Request for Information (RFI): Input on Development of a NIH Data Catalog

June 6, 2013

Biomedical research is becoming more data-intensive as researchers are generating and using increasingly large, complex, and diverse datasets. This era of ‘Big Data’ in biomedical research taxes the ability of many researchers to release, locate, analyze, and interact with these data and associated software due to the lack of tools, accessibility, and training.  In response to these new challenges in biomedical research, and in response to the recommendations of the Data and Informatics Working Group (DIWG) of the Advisory Committee to the NIH Director(, NIH has launched the trans-NIH Big Data to Knowledge (BD2K) Initiative.

The long-term goal of the BD2K Initiative is to support advances in data science, other quantitative sciences, policy, and training that are needed for the effective use of Big Data in biomedical research.  (The term “biomedical” is used here in the broadest sense to include biological, biomedical, behavioral, social, environmental, and clinical studies that relate to understanding health and disease).  The term ‘Big Data’ refers to datasets that are increasingly larger, more complex, and which exceed the abilities of currently used approaches to manage and analyze.  “Big Data” is also meant to capture the opportunities and address the challenges facing all biomedical researchers in accessing, managing, analyzing and integrating large datasets of diverse data types.  Such data types may include imaging, phenotypic, molecular (including –omics), clinical, environmental, behavioral, and many other types of biological and biomedical data.  “Big Data” also includes data generated for other purposes (e.g. social media, search histories, cell phone data) when they are repurposed and applied to address health research questions.  Biomedical Big Data primarily emanate from three sources: (1) a small number of groups that produce very large amounts of data, usually as part of projects specifically funded to produce important resources for use by the research community at large, or large collections of electronic health records; (2) individual investigators who produce large datasets for their own project, but which might be broadly useful to the research community at-large; (3) an even greater number of investigators who each produce small datasets whose value can be amplified by aggregating or integrating them with other data.

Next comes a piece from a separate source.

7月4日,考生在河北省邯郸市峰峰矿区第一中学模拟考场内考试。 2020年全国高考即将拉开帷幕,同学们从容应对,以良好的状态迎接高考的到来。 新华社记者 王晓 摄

One of the DIWG recommendations was to promote data sharing through the establishment of central and federated Data Catalogs. Among the issues raised were how to establish minimal and relevant metadata to facilitate data sharing, broad adoption of standards to enhance data retrieval, as well as data citation and adoption of the catalog by the broader biomedical community.

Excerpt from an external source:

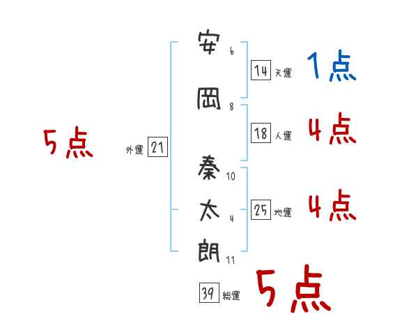 | 外運  | 安岡秦太朗さんの外運は21画の5つ星!統率力がある。独立し成功する。名誉を手に入れる。生活面を象徴する運勢です。外部から受ける影響力を表し、結婚運、家庭運や職場、環境への順応性を表します。 |
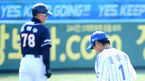 [OSEN=광주,박준형 기자] 31일 오후 광주 무등구장에서 열린 '2013 한국야쿠르트 세븐 프로야구' KIA 타이거즈와 넥센 히어로즈의 경기,1회초 넥센 선두타자 서건창이 사사구로 진루했다. 선동렬 감독이 그라운드에 올라 윤상원 구

BD2K is now considering the development of a biomedical Data Catalog to make biomedical research data findable and citable, as PubMed does for scientific publications.  Such a Data Catalog would make it easier for researchers to find, share, and cite data, as well as the publications and grants that they are associated with. A Data Catalog is distinct from a data repository, but would help make data in such repositories more easily findable and citable in a consistent manner. In addition to supplying core, minimal metadata to ensure a valid data reference, it is envisioned that a Data Catalog would include links out to the location of the data, to the NIH Reporter record of the grant that supported the research, to relevant publications within PubMed or journals, and possibly to associated software or algorithms.